_Your instructions_:
Without including any image, retype the records word for word.

--

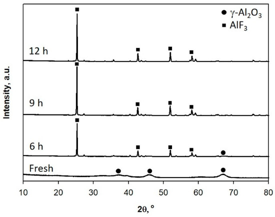 The role of MgO was identified by the comparison XRD of spent catalysts in the presence or absence of MgO. In our result, the diffraction lines of fresh γ-Al2O3 and spent catalysts collected after the specific reaction times (6, 9, 12 h) were different. In the absence of MgO, γ-Al2O3 was converted into AlF3 from the sample collected after the 6 h of reaction. This coincides with the decrease in catalytic conversion efficiency of HFC-134a over SB-γ-Al2O3-0.6 (Figure 5). The diffraction line corresponding to AlF3 also increased with the increase of reaction time. This also confirms that the decrease of HFC-134a conversion efficiency is caused by the conversion of γ-Al2O3 to AlF3. The formation of AlF3 on the catalytic decomposition of HFC-134a is related with the gas-solid reaction of γ-Al2O3 with HF, which can be expressed as following Equation (1) [18]:
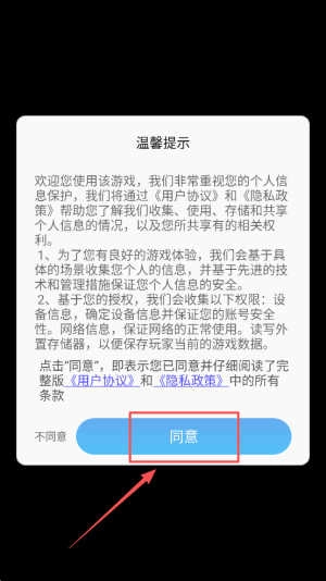 首先,请仔细阅读游戏的隐私政策与用户协议,若确认同意相关条款,可点击“同意”按钮来推进后续流程。
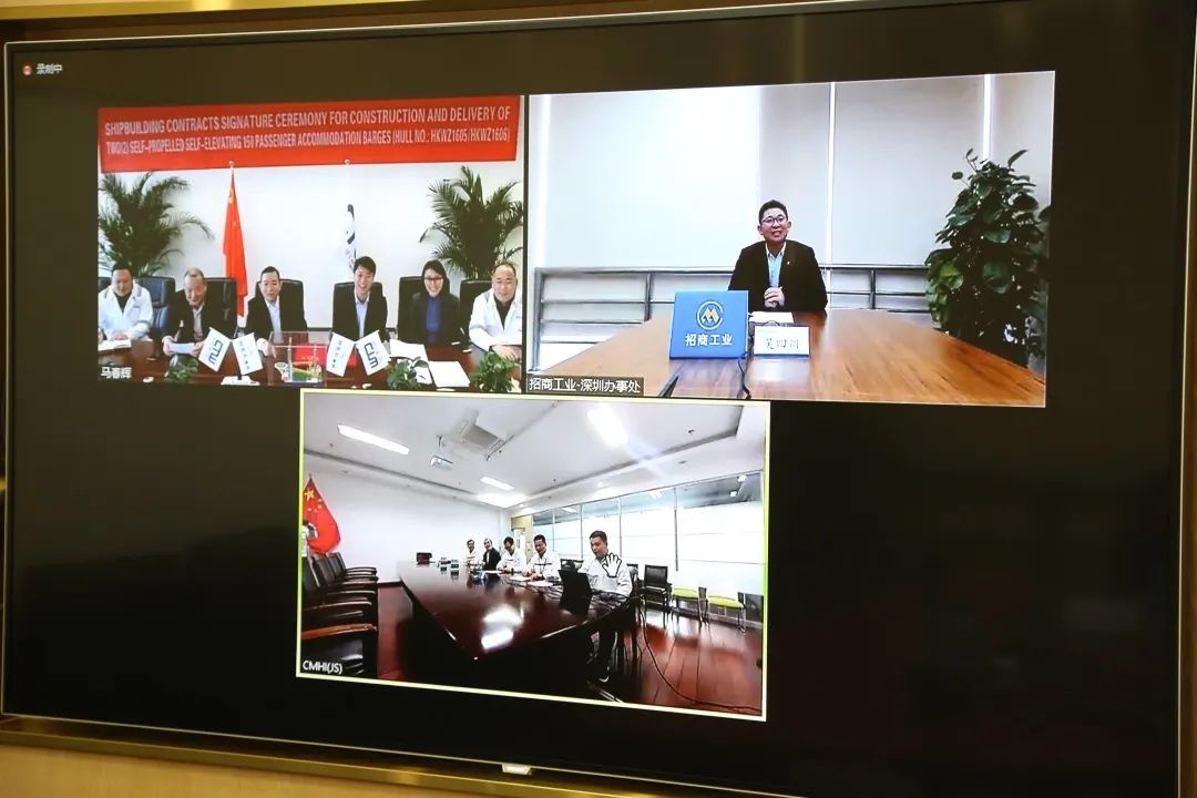 随着全球原油价格的回升,海工市场逐步回暖;招商局重工(江苏)有限公司与华科五洲(天津)海洋工程有限公司(简称“华科五洲”)于2022年1月14日上午通过线上“云签约”2座 350FT多功能油气服务平台买卖建造合同。华科五洲董事长黄雪飞,顾问王兆刚,船级社代表,招商工业副总经理吴四川,招商局重工(江苏)总经理梅中华在线出席签约仪式。
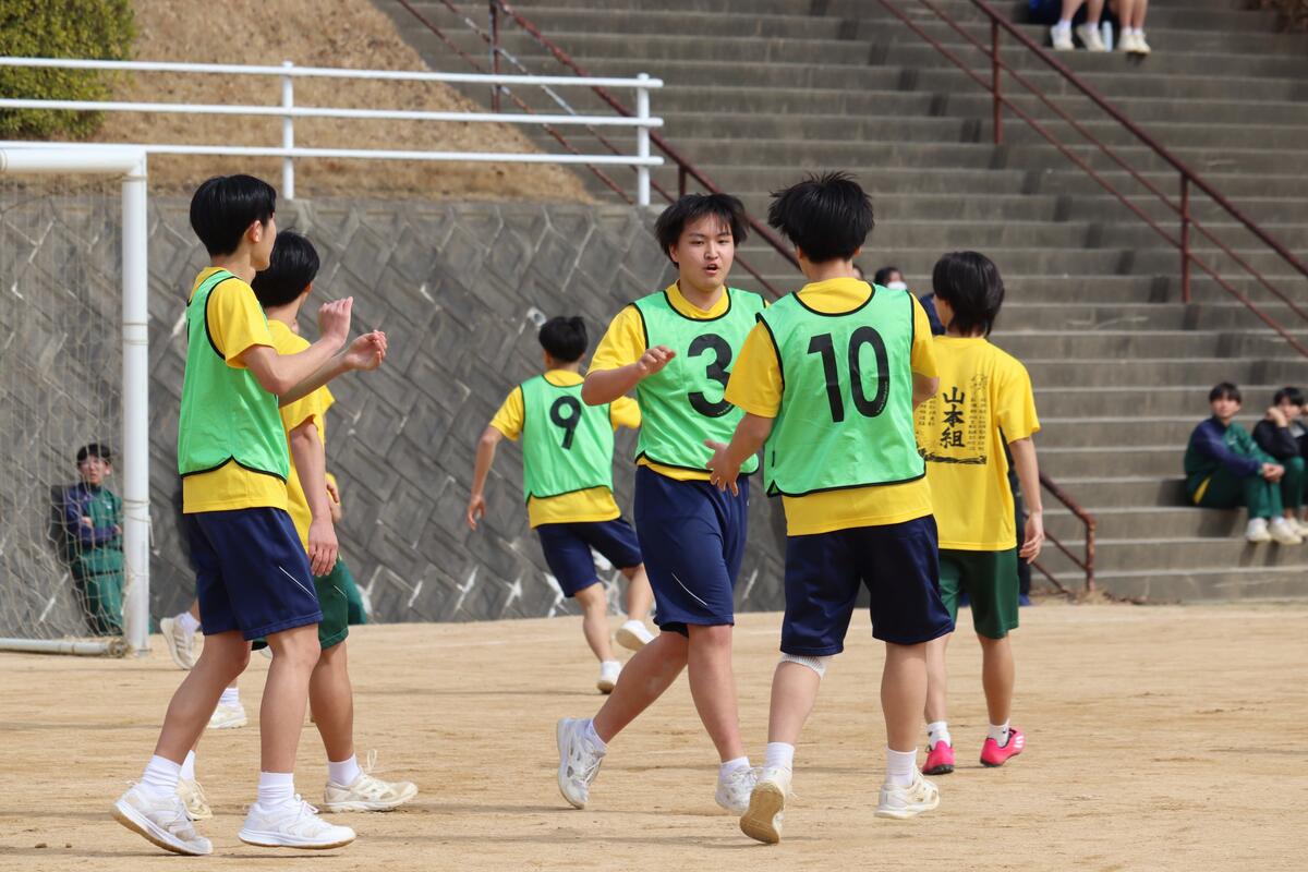 49回生 後期球技大会で奮闘! 投稿日時 : 03/02 49回生 3月2日(月)に後期球技大会が行われました。この時期にしては暖かく運動に適した気候の中で、笑顔でプレーし、皆で球技を楽しみました。1年生最後の学校行事になりましたが、クラスの絆をさらに深め、良い締めくくりができました。
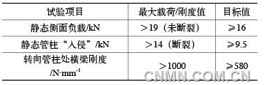 根据产品性能要求,需在三个状态下对仪表板横梁零件性能进行测试,分别是静态管柱“入侵”、静态侧面负载和转向管柱处横梁刚度三项台架试验。
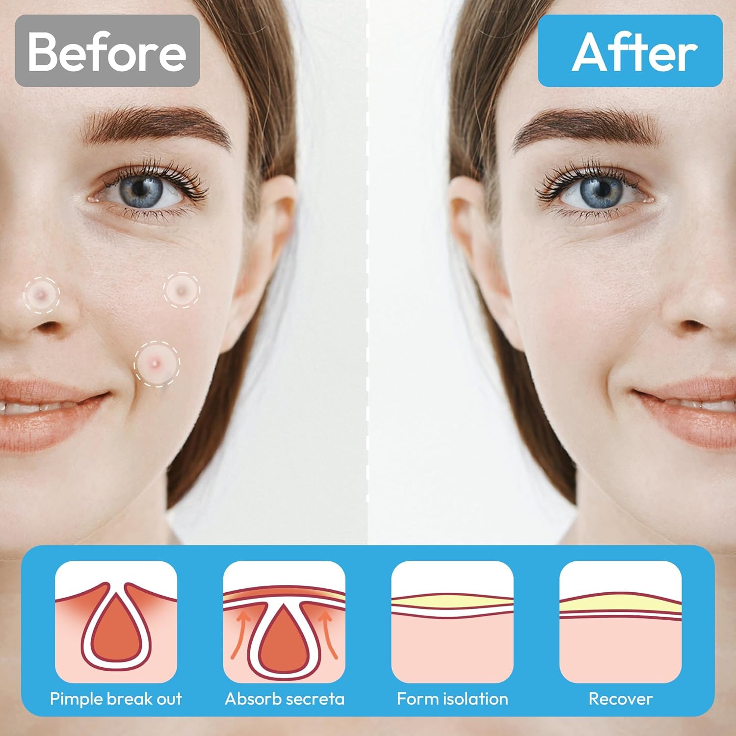 🌿【Acne Patches with Natural Ingredients 】Our Zit Patches which includes tea tree oil(calming, soothing, and pore-tightening), salicylic acid(penetrating pores and helping to clear up skin), Centella(Faster for acne healing & reduce inflammation), and hydrocolloid(Promote clear-looking skin). These acne patches for face are ideal for absorbing pus from acne, whiteheads. Speed up the acne elimination process
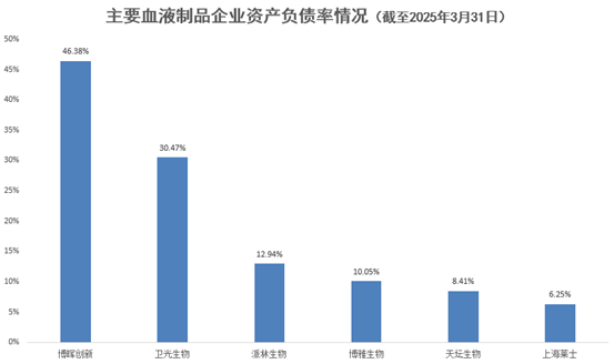 Wind数据显示,截至2025年3月末,在“SW血液制品板块”中,卫光生物的资产负债率远高于行业平均值的19.08%,而行业龙头企业天坛生物和上海莱士的资产负债率均低于10%,分别仅为8.41%和6.25%。
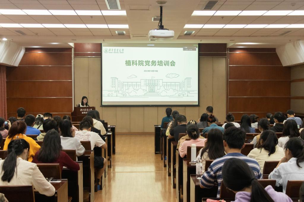 10月19日,植科院2023年学生党支部书记培训在分子楼一楼报告厅举行,党委组织部付兆佳、辅导员任伟、本研学生党支部书记、支委等百余位代表出席本次培训。会议由辅导员宋慈主持。
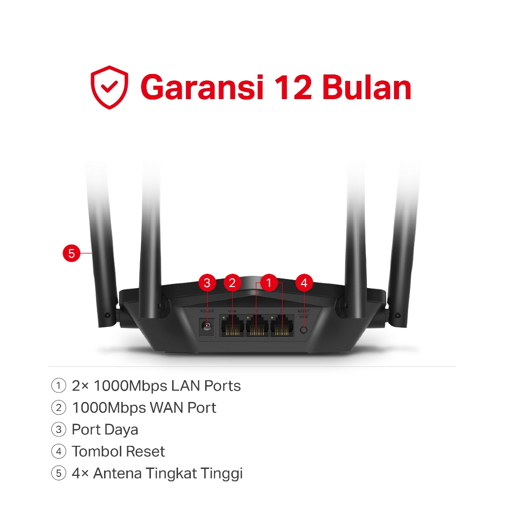 Mercusys | MR60X | Router Wi-Fi 6 AX1500 | Dual Band | 3× 1000Mbps LAN | Wirless Access Point | WPA3
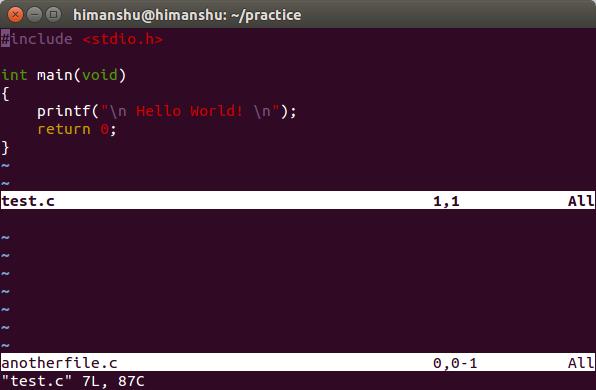 Observe que el comando divide la ventana Vim horizontalmente. En caso de que desee dividir la ventana verticalmente, puede hacerlo utilizando el comando vsplit. Una vez abiertos ambos archivos, copie el material de un archivo, pulse «Ctrl + w» para cambiar el control a otro archivo y pegue.
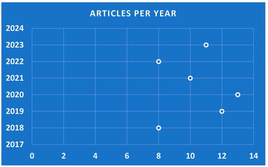According to Figure 2, the majority of the publications occurred in 2020 (N = 13) and 2019 (N = 13), while fewer papers were published in the next two years. This indicates that this area of research remains of constant interest.
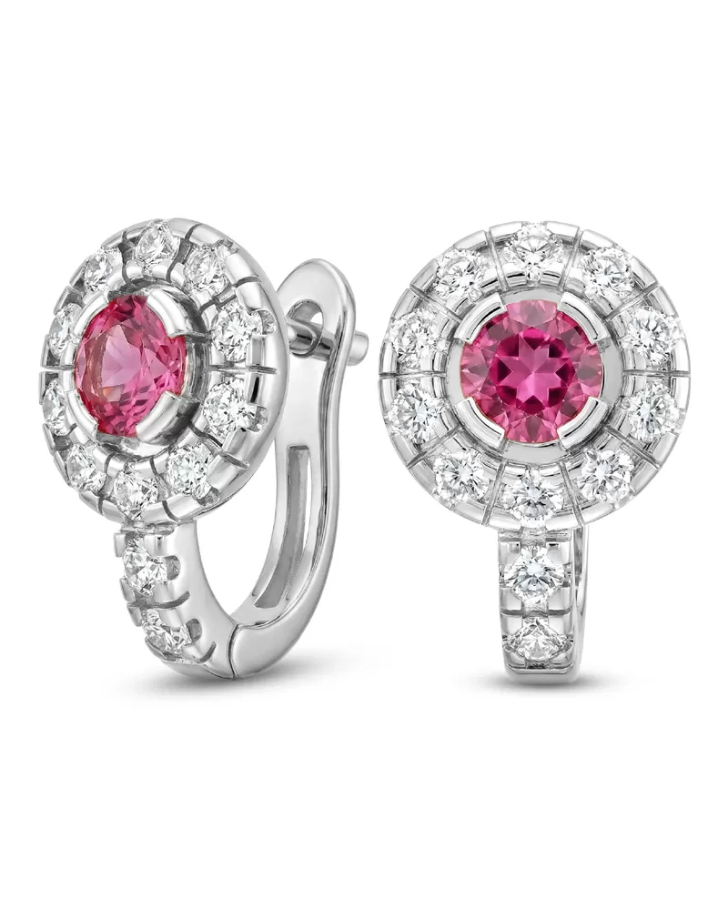 Náušnice typu "podkovičky" patria medzi veľmi obľúbené typy náušníc, náušnice sú vhodné na každodenné nosenie aj na spoločenské akcie a pristanú každej žene! Sú vyrobené z bieleho štrnásťkarátového zlata - 585/1000 v lesklej povrchovej úprave. V náušniciach je vsadených "do krapničiek" dvadsaťštyri menších diamantov a dva väčšie centrálne turmalíny. Všetky kamene sú vybrúsené okrúhlym briliantovým brusom, ktorý zaisťuje maximálnu brilanciu vybrúsených facet a krásne žiari zo všetkých uhlov pohľadu! Vsadzovanie diamantov a drahokamov vykonávajú naši najskúsenejší majstri zlatníci ručne pod mikroskopom s presnosťou na 0,01 mm a preto nehrozí vypadnutie diamantov ako to býva pri strojne vyrábaných šperkoch. Náušnice sú stredne veľké, na uchu vyzerajú elegantne a prirodzene a vďaka skladbe a štýlovo čistému vsadeniu diamantov vynikajú krásnou brilanciou kameňov!

--

_Finished task_:
 The role of MgO was identified by the comparison XRD of spent catalysts in the presence or absence of MgO. In our result, the diffraction lines of fresh γ-Al2O3 and spent catalysts collected after the specific reaction times (6, 9, 12 h) were different. In the absence of MgO, γ-Al2O3 was converted into AlF3 from the sample collected after the 6 h of reaction. This coincides with the decrease in catalytic conversion efficiency of HFC-134a over SB-γ-Al2O3-0.6 (Figure 5). The diffraction line corresponding to AlF3 also increased with the increase of reaction time. This also confirms that the decrease of HFC-134a conversion efficiency is caused by the conversion of γ-Al2O3 to AlF3. The formation of AlF3 on the catalytic decomposition of HFC-134a is related with the gas-solid reaction of γ-Al2O3 with HF, which can be expressed as following Equation (1) [18]:
 首先,请仔细阅读游戏的隐私政策与用户协议,若确认同意相关条款,可点击“同意”按钮来推进后续流程。
 随着全球原油价格的回升,海工市场逐步回暖;招商局重工(江苏)有限公司与华科五洲(天津)海洋工程有限公司(简称“华科五洲”)于2022年1月14日上午通过线上“云签约”2座 350FT多功能油气服务平台买卖建造合同。华科五洲董事长黄雪飞,顾问王兆刚,船级社代表,招商工业副总经理吴四川,招商局重工(江苏)总经理梅中华在线出席签约仪式。
 49回生 後期球技大会で奮闘! 投稿日時 : 03/02 49回生 3月2日(月)に後期球技大会が行われました。この時期にしては暖かく運動に適した気候の中で、笑顔でプレーし、皆で球技を楽しみました。1年生最後の学校行事になりましたが、クラスの絆をさらに深め、良い締めくくりができました。
 根据产品性能要求,需在三个状态下对仪表板横梁零件性能进行测试,分别是静态管柱“入侵”、静态侧面负载和转向管柱处横梁刚度三项台架试验。
 🌿【Acne Patches with Natural Ingredients 】Our Zit Patches which includes tea tree oil(calming, soothing, and pore-tightening), salicylic acid(penetrating pores and helping to clear up skin), Centella(Faster for acne healing & reduce inflammation), and hydrocolloid(Promote clear-looking skin). These acne patches for face are ideal for absorbing pus from acne, whiteheads. Speed up the acne elimination process
 Wind数据显示,截至2025年3月末,在“SW血液制品板块”中,卫光生物的资产负债率远高于行业平均值的19.08%,而行业龙头企业天坛生物和上海莱士的资产负债率均低于10%,分别仅为8.41%和6.25%。
 10月19日,植科院2023年学生党支部书记培训在分子楼一楼报告厅举行,党委组织部付兆佳、辅导员任伟、本研学生党支部书记、支委等百余位代表出席本次培训。会议由辅导员宋慈主持。
 Mercusys | MR60X | Router Wi-Fi 6 AX1500 | Dual Band | 3× 1000Mbps LAN | Wirless Access Point | WPA3
 Observe que el comando divide la ventana Vim horizontalmente. En caso de que desee dividir la ventana verticalmente, puede hacerlo utilizando el comando vsplit. Una vez abiertos ambos archivos, copie el material de un archivo, pulse «Ctrl + w» para cambiar el control a otro archivo y pegue.
According to Figure 2, the majority of the publications occurred in 2020 (N = 13) and 2019 (N = 13), while fewer papers were published in the next two years. This indicates that this area of research remains of constant interest.
 Náušnice typu "podkovičky" patria medzi veľmi obľúbené typy náušníc, náušnice sú vhodné na každodenné nosenie aj na spoločenské akcie a pristanú každej žene! Sú vyrobené z bieleho štrnásťkarátového zlata - 585/1000 v lesklej povrchovej úprave. V náušniciach je vsadených "do krapničiek" dvadsaťštyri menších diamantov a dva väčšie centrálne turmalíny. Všetky kamene sú vybrúsené okrúhlym briliantovým brusom, ktorý zaisťuje maximálnu brilanciu vybrúsených facet a krásne žiari zo všetkých uhlov pohľadu! Vsadzovanie diamantov a drahokamov vykonávajú naši najskúsenejší majstri zlatníci ručne pod mikroskopom s presnosťou na 0,01 mm a preto nehrozí vypadnutie diamantov ako to býva pri strojne vyrábaných šperkoch. Náušnice sú stredne veľké, na uchu vyzerajú elegantne a prirodzene a vďaka skladbe a štýlovo čistému vsadeniu diamantov vynikajú krásnou brilanciou kameňov!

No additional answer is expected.